Activity >> The listing, minus its pictures, is to be given again exactly.

--- Data section Enclosed Below ---

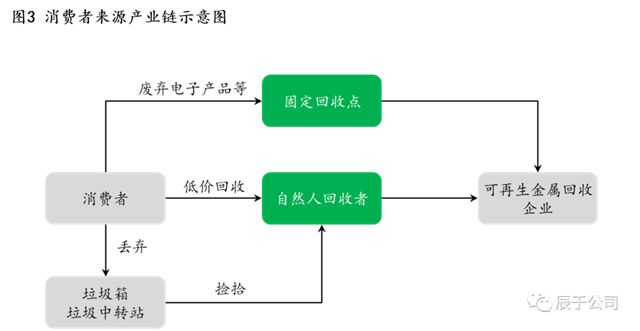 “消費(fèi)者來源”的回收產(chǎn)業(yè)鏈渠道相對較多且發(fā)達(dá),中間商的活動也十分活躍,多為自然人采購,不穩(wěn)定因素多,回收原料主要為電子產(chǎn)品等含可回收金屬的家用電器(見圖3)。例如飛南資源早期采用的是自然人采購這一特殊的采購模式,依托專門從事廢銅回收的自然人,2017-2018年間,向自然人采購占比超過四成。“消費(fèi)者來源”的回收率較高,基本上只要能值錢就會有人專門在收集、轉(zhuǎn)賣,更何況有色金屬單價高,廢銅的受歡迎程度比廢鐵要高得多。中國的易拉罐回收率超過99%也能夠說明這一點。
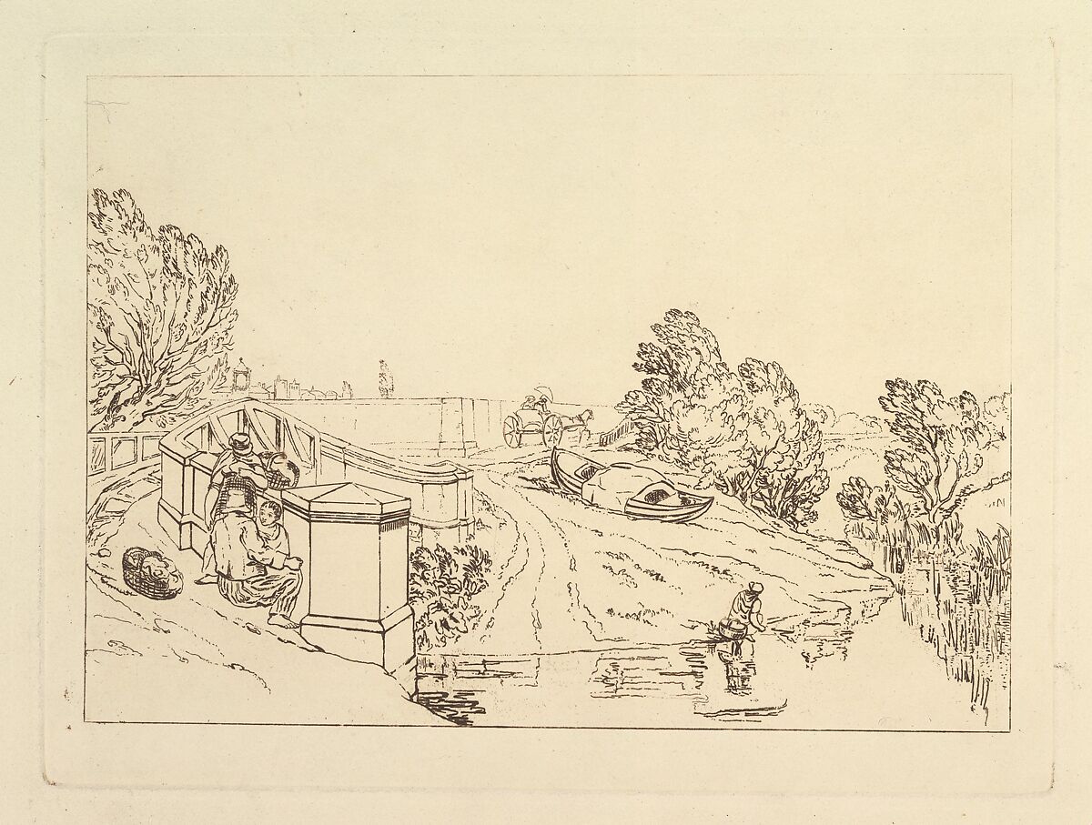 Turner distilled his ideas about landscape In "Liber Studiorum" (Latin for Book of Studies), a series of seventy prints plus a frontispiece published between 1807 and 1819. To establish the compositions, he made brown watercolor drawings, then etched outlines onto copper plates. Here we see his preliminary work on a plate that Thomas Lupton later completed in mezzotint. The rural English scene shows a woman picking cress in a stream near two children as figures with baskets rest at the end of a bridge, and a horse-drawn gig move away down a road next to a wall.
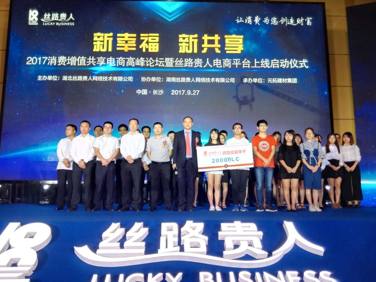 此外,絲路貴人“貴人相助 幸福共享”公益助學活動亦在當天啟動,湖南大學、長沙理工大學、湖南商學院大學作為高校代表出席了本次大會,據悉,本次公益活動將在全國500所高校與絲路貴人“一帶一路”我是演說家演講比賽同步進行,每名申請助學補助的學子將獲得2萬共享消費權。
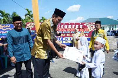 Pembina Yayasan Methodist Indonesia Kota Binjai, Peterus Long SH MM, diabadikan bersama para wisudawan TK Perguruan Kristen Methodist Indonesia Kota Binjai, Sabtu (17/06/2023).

--- End of Enclosed Data section ---

Solution to this task >>
 “消費(fèi)者來源”的回收產(chǎn)業(yè)鏈渠道相對較多且發(fā)達(dá),中間商的活動也十分活躍,多為自然人采購,不穩(wěn)定因素多,回收原料主要為電子產(chǎn)品等含可回收金屬的家用電器(見圖3)。例如飛南資源早期采用的是自然人采購這一特殊的采購模式,依托專門從事廢銅回收的自然人,2017-2018年間,向自然人采購占比超過四成。“消費(fèi)者來源”的回收率較高,基本上只要能值錢就會有人專門在收集、轉(zhuǎn)賣,更何況有色金屬單價高,廢銅的受歡迎程度比廢鐵要高得多。中國的易拉罐回收率超過99%也能夠說明這一點。
 Turner distilled his ideas about landscape In "Liber Studiorum" (Latin for Book of Studies), a series of seventy prints plus a frontispiece published between 1807 and 1819. To establish the compositions, he made brown watercolor drawings, then etched outlines onto copper plates. Here we see his preliminary work on a plate that Thomas Lupton later completed in mezzotint. The rural English scene shows a woman picking cress in a stream near two children as figures with baskets rest at the end of a bridge, and a horse-drawn gig move away down a road next to a wall.
 此外,絲路貴人“貴人相助 幸福共享”公益助學活動亦在當天啟動,湖南大學、長沙理工大學、湖南商學院大學作為高校代表出席了本次大會,據悉,本次公益活動將在全國500所高校與絲路貴人“一帶一路”我是演說家演講比賽同步進行,每名申請助學補助的學子將獲得2萬共享消費權。
 Pembina Yayasan Methodist Indonesia Kota Binjai, Peterus Long SH MM, diabadikan bersama para wisudawan TK Perguruan Kristen Methodist Indonesia Kota Binjai, Sabtu (17/06/2023).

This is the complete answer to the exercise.